Thats a nice stock, what colour are you staining it, jeff


----------



## fish (Dec 24, 2009)

probably brown like the hunter catapult s.


----------



## Mtnfolk Mike (Aug 23, 2010)

that looks great Fish... looking forward to more pics...


----------



## joseph_curwen (Feb 8, 2010)

good work!


----------



## Sam (Jul 5, 2010)

W-O-W I must see more pics and a video of it shooting stuff!


----------



## Rayshot (Feb 1, 2010)

Hey, that is great!

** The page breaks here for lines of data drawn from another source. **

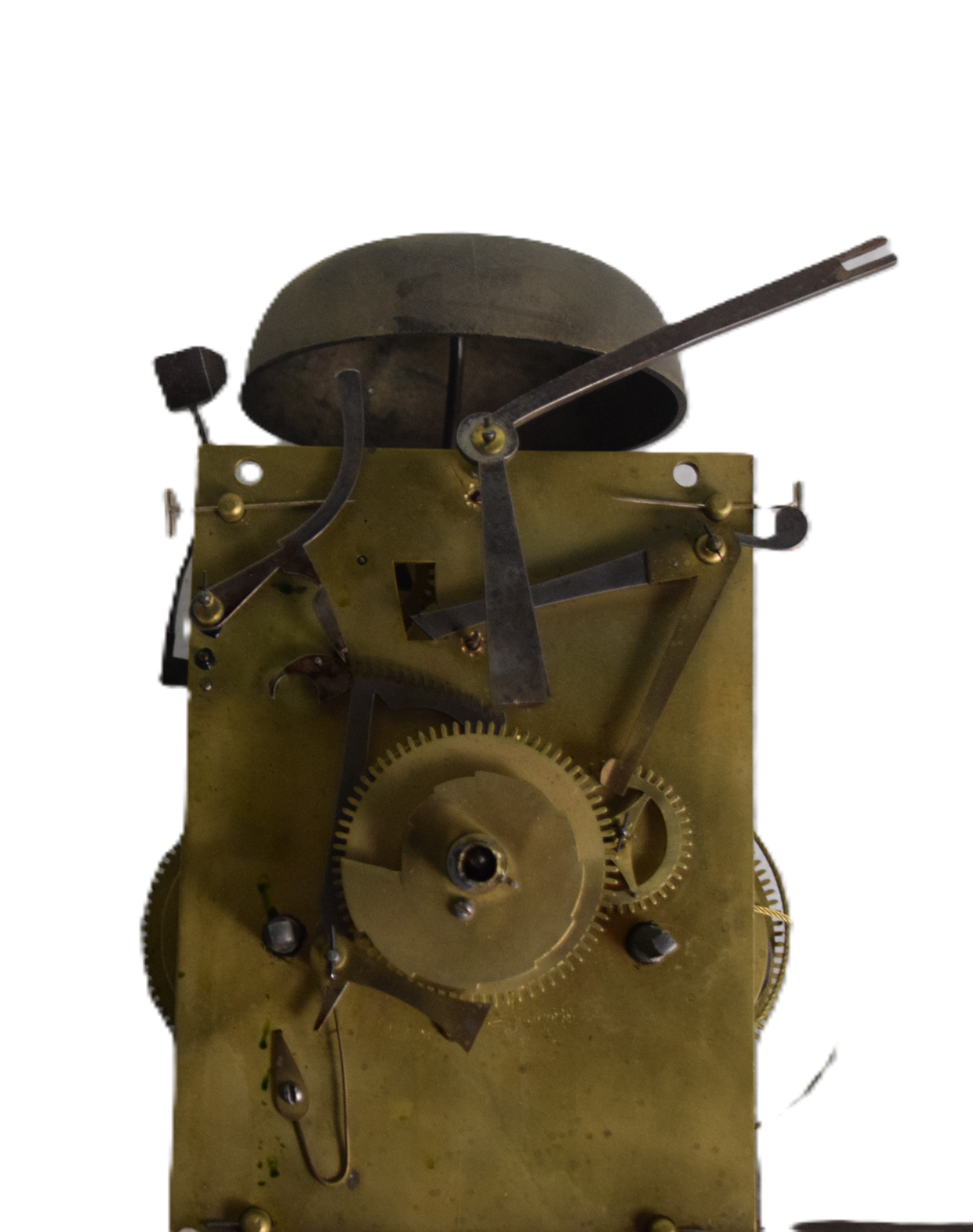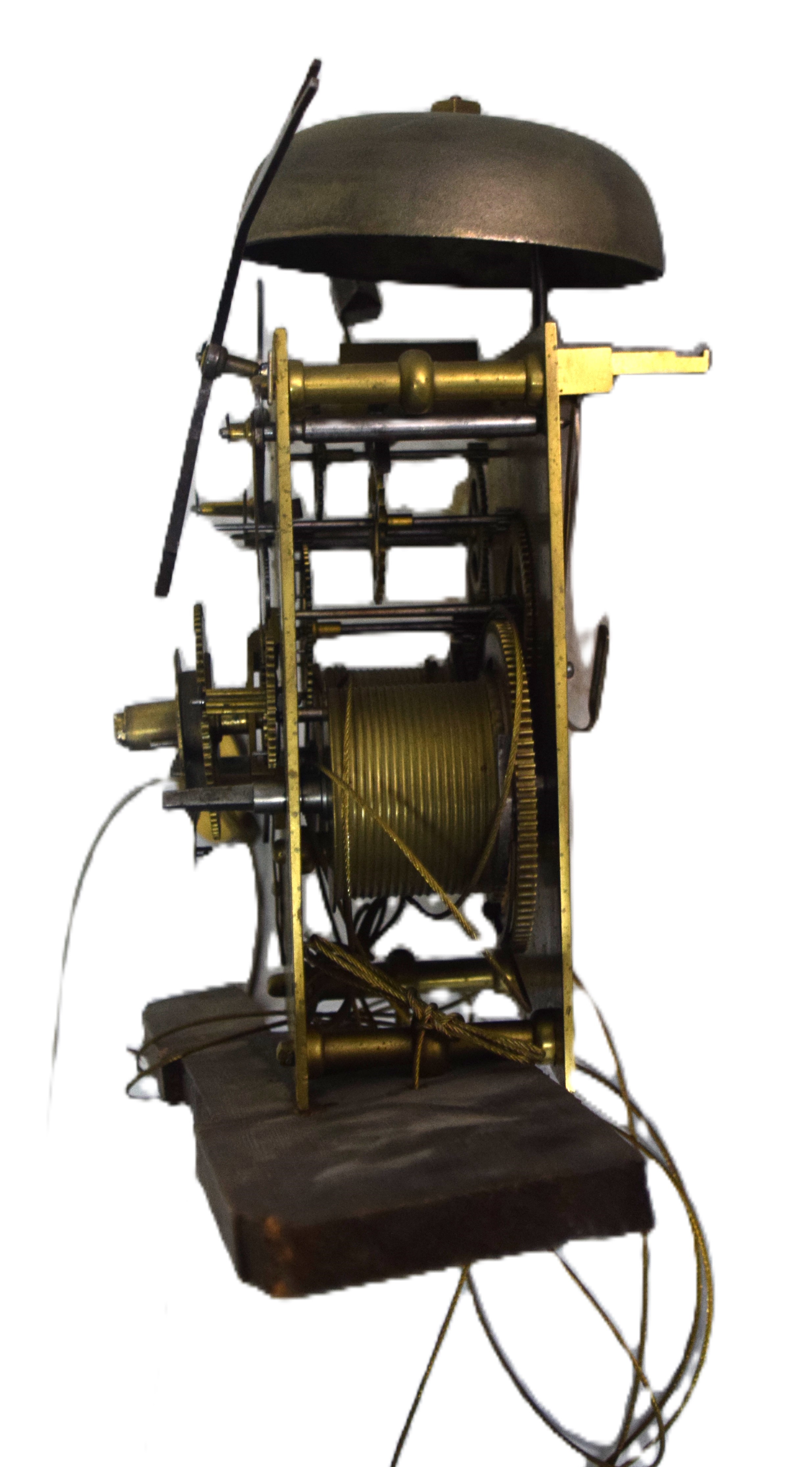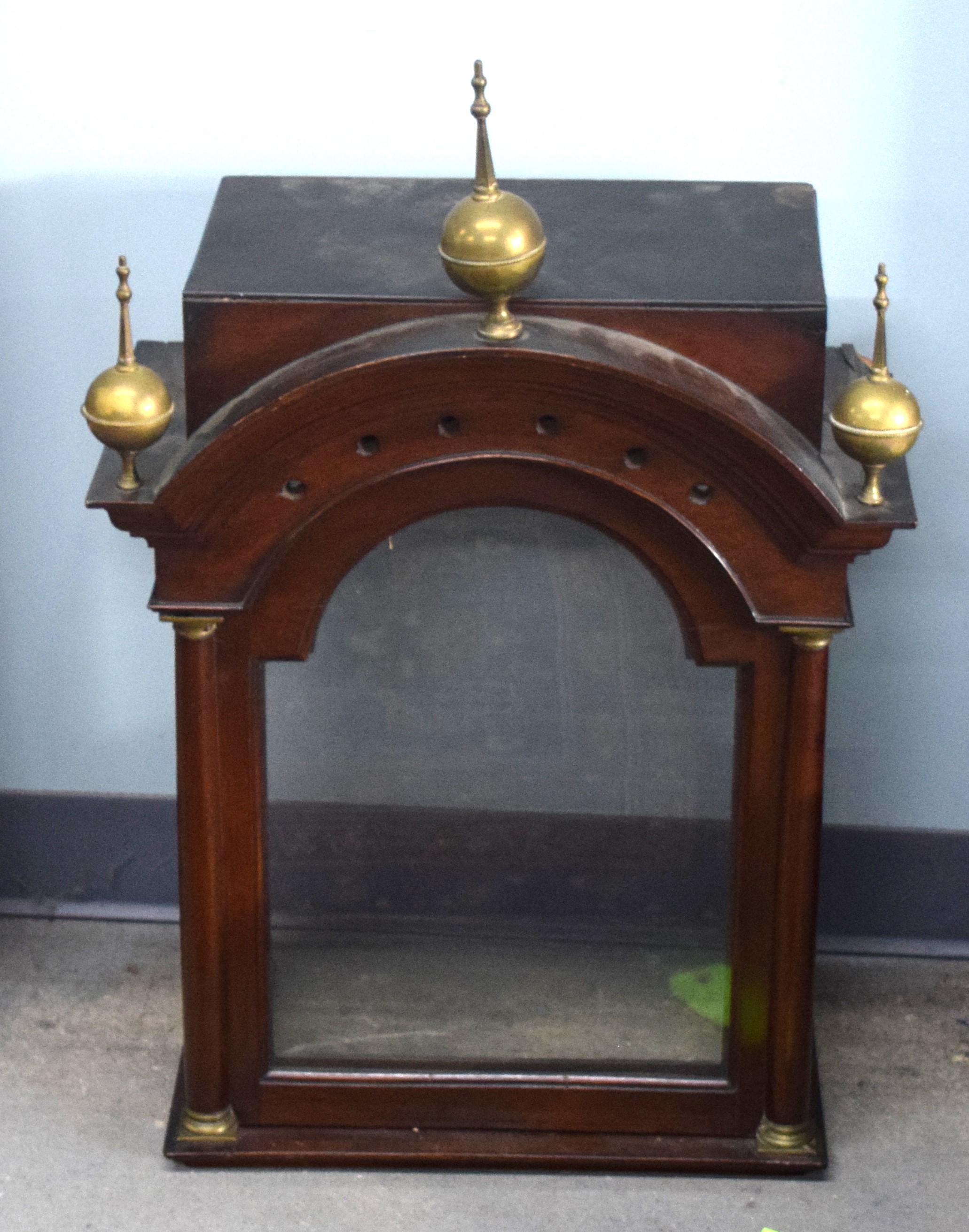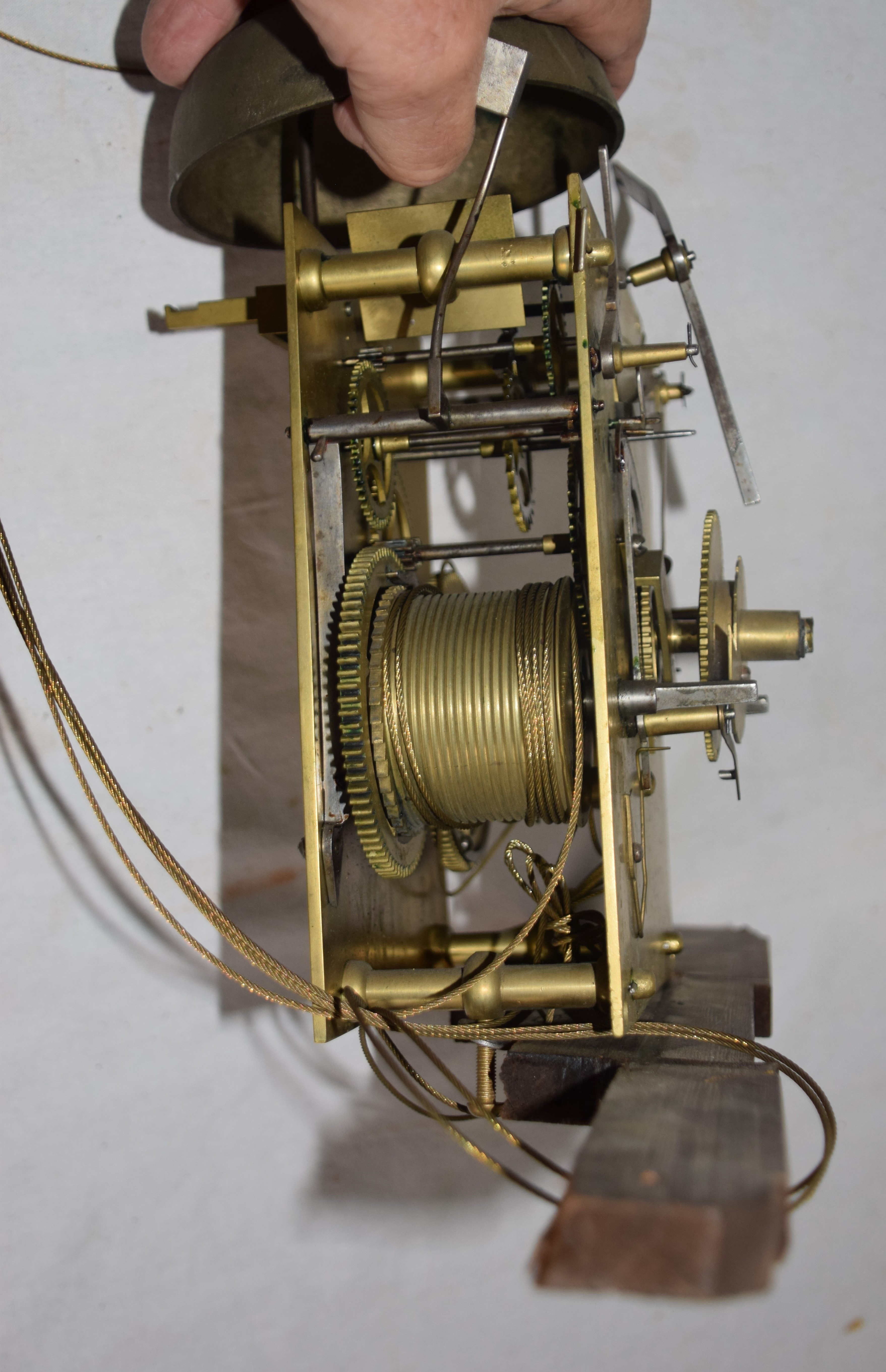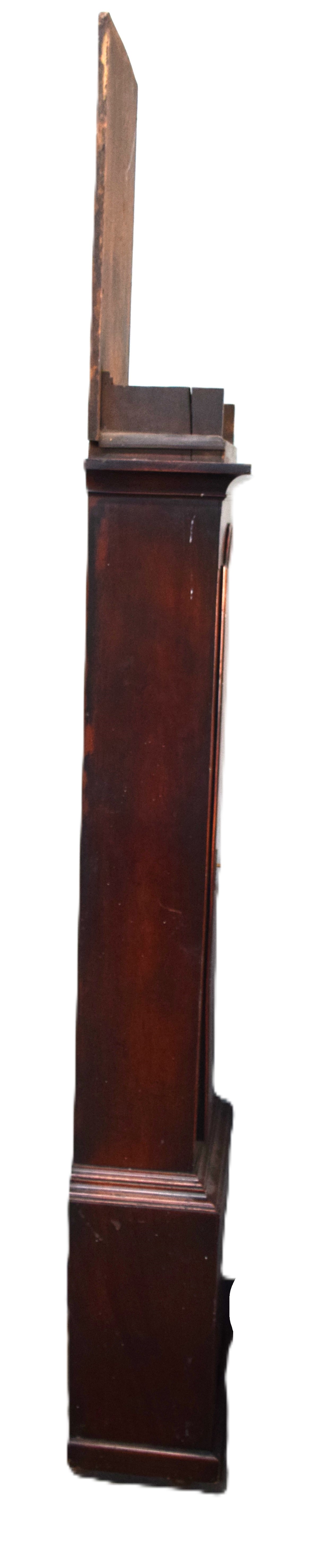 19th Century English tall clock with arch shaped bonnet, brass dial with name John Juler, North Walsham (worked from 1830-1858), Roman numerals dial, brass works, weights and pendulum, prospect door on molded base. Dimensions: 88″ H
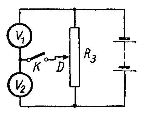 Два вольтметра с внутренними сопротивлениями 6000 Ом и 4000 Ом соединены последовательно. Параллельно к ним включено сопротивление 10000 Ом. На эту систему дано напряжение 180 В. Каковы показания вольтметров, когда ключ К замкнут, а движок D соединен с серединой сопротивления R3?
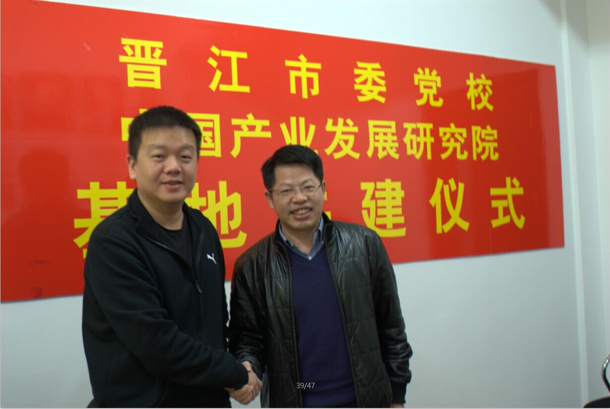 在签定协议的仪式上,研究院副院长刘志阳教授详细地向晋江党校领导一行人介绍了我院的科研工作成果和未来发展计划。仪式最后双方领导在达成共识的前提下,签订了基地共建协议、建立起长期战略合作伙伴关系。
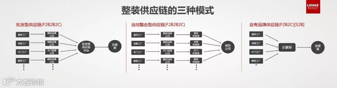 这三种供应链的优势各不同。批发型供应链在当地整合供应链出现问题的时候,因为中间环节多,对产品没有控制,整装的产品稳定性不够。如果供应链不能复制,公司就不能复制,而且目前品牌公司只是把品牌低端货卖给公司,最终批发型公司只能靠打价格战竞争。自由品牌供应链在整合工厂之后完全从客户出发,优势非常多。
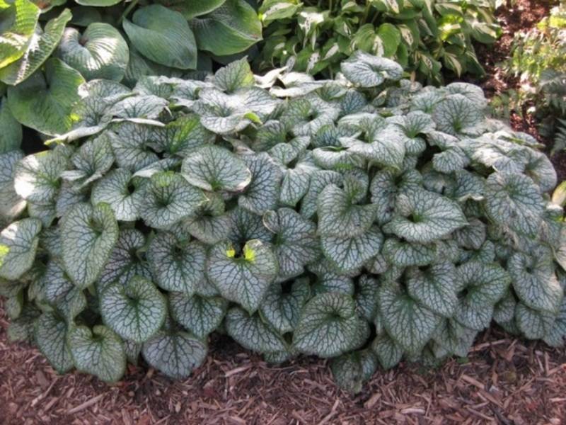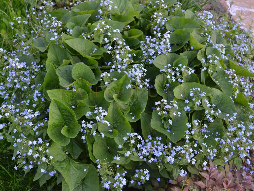 - orientale - brunner sottodimensionato, caratterizzato da un'ottima resistenza alle intemperie. Le foglie sono ellittiche, cresce fino a 10 cm, i fiori sembrano non ti scordar di me.
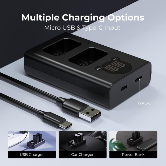 - * Viacero možností nabíjania. Môže nabíjať dve batérie súčasne prostredníctvom notebooku, počítača, nabíjačky do auta, sieťovej nabíjačky alebo powerbanky.
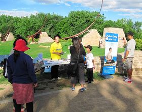 ![]() 游客在了解法轮功及法轮功被迫害的真相 |
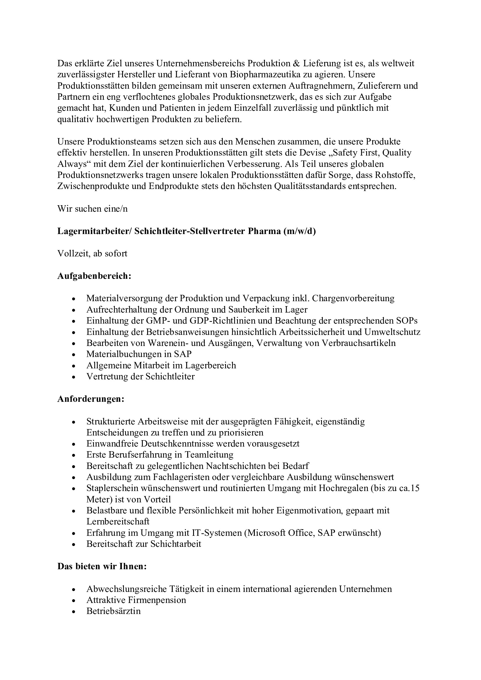 Lagermitarbeiter/ Schichtleiter-Stellvertreter Pharma (m/w/d) [R377957]
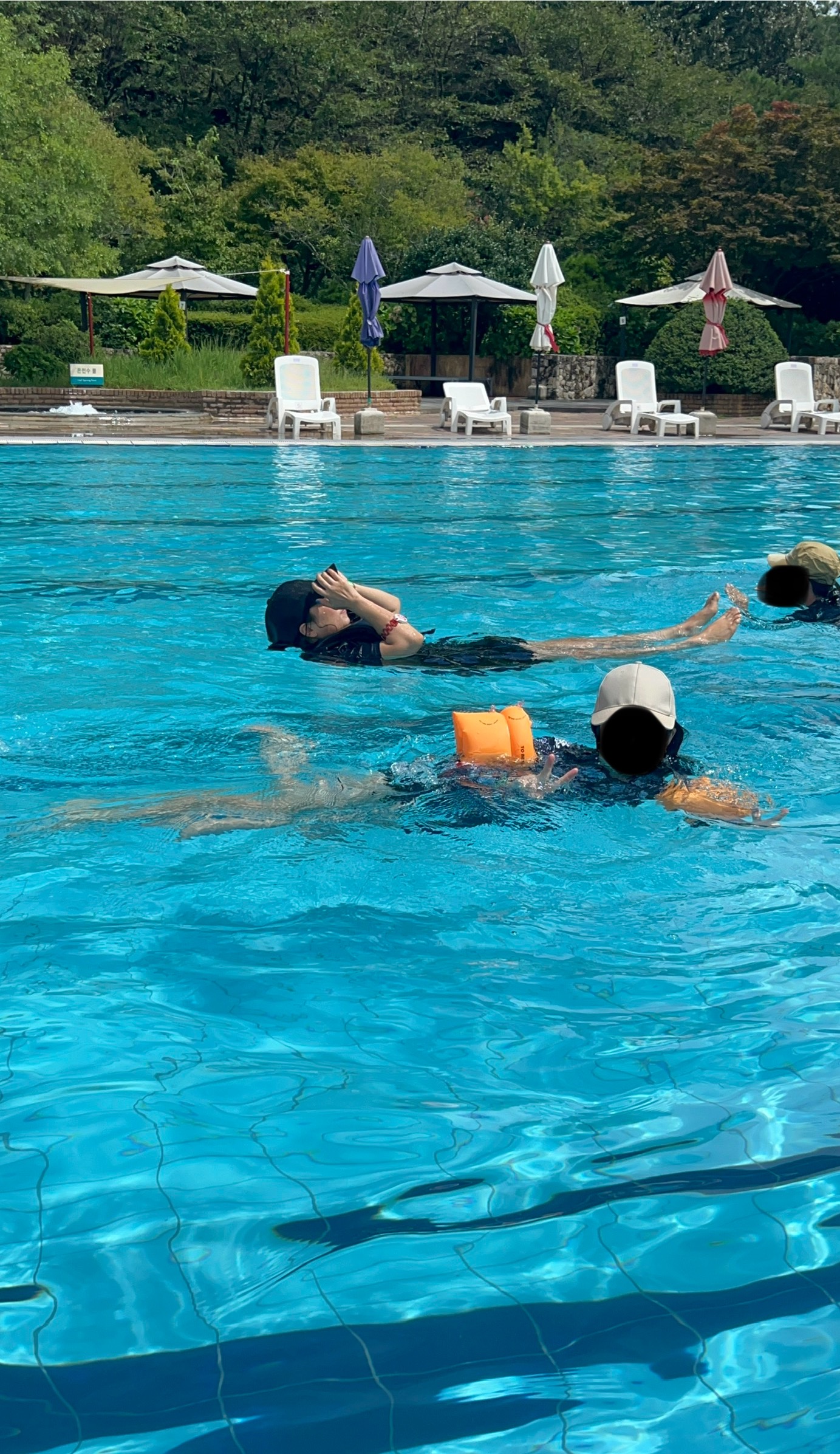 친구들과 한참 재미지게 수영도하고 사진도 많이 찍고 수다도 떨면서 한시간이상 물속에서 놀았던것 같아요. 어릴때말고 이렇게 다 큰 성인이되어 야외수영장을 이용하니 색다른 기분이 들더라구요. 친구들도 아이들 유치원가고 잠깐 오기 너무좋다며 저보다 더 신나서 놀았습니다.
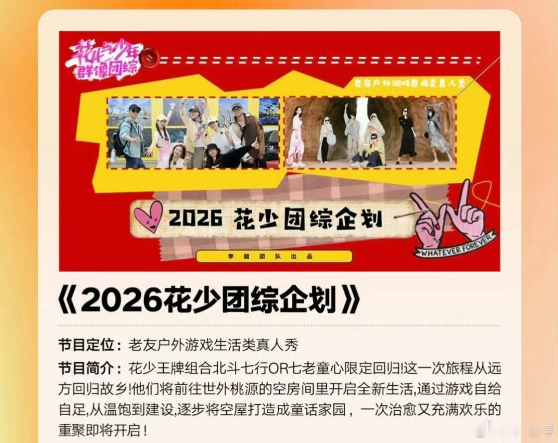 花少要拍团综了花少的北斗七行or七老童心将回归拍团综了!还是很期待啊!希望人都能齐了,想看看王安宇胡先煦和马思纯龚俊他们又能整些啥活哈哈哈哈!
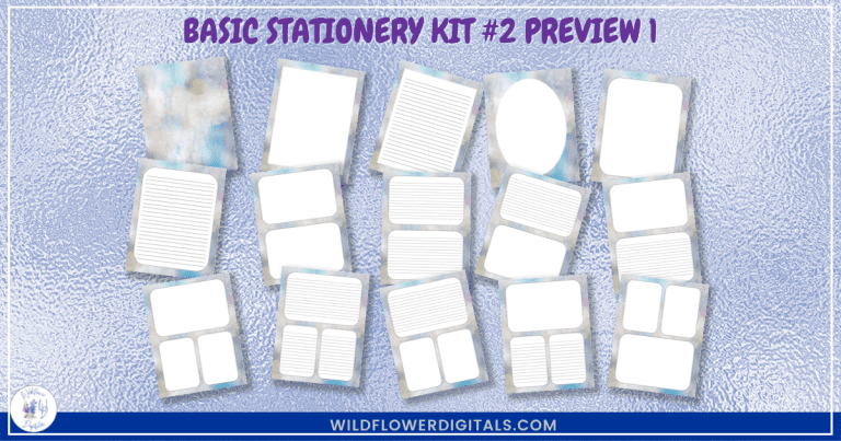 This Basic Stationery Kit #2 is a pretty mini-package of champagne teal watercolor designs that comes with 40 total pages — 1 background/cover page and 39 stationery styles — complete with commercial use rights so you can use them with:
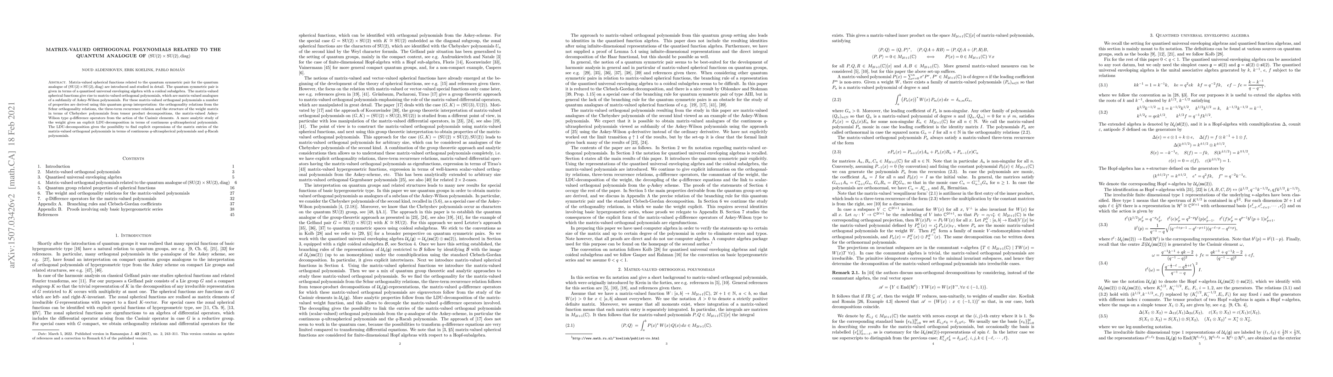 This paper introduces matrix-valued spherical functions and orthogonal polynomials related to the quantum analogue of $(SU(2) \times SU(2), \text{diag})$. These matrix-valued polynomials exhibit properties derived from quantum group interpretations, including recurrence relations and an LDU-decomposition using continuous $q$-ultraspherical polynomials.
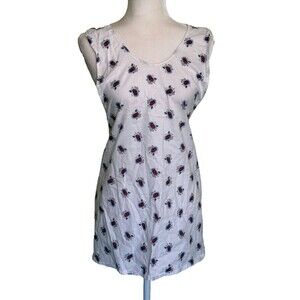 Homemade Bib Apron White w/Red Flowers Cottage Kitchen Cotton No Pockets
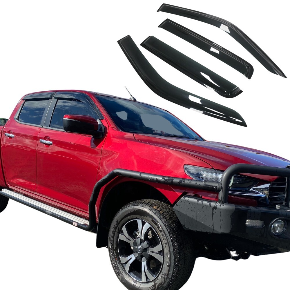 The Cobra 4x4 Weather shields to suit the Mazda BT50 2021+ dual cab are made from impact-modified acrylic for

Very interested to see it when it is completed.


----------



## Jaybird (Dec 20, 2009)

Real nice stock Fish.


----------



## ZDP-189 (Mar 14, 2010)

Yes, you have overdone it. Beautifully, gloriously, overdone it. Everyone here wants it. You going to shoot Hunter Bands on it?


----------



## JoergS (Dec 17, 2009)

Great stock, Justin. Can't wait to see the final weapon!

I am busy thinking about a repeating system for the sling-x-bow. Currently a combination of my "speedloading" idea (the thin rubber band that retrieves the bands after the shot) and my Kydex pouch is my best option. A Kydex pouch is solid enough to be drawn back empty, and once the weapon is cocked, a ball can be fed into the Kydex pouch from a magazine.

A pump action like slingshot crossbow could be really interesting, don't you think?

Jörg


----------



## ZDP-189 (Mar 14, 2010)

Yup, I suggested that here some time ago. It was a suggestion to do pump cocking but you could even do pump loading.


----------



## fish (Dec 24, 2009)

there no end of posibilities ! this will be fitted with hunter bands of course!


----------



## huey224 (Apr 12, 2010)

It kinda looks like a small sniper stock.
LOVE IT!


----------



## A+ Slingshots (Jan 22, 2010)

WOWSA!!!!!


----------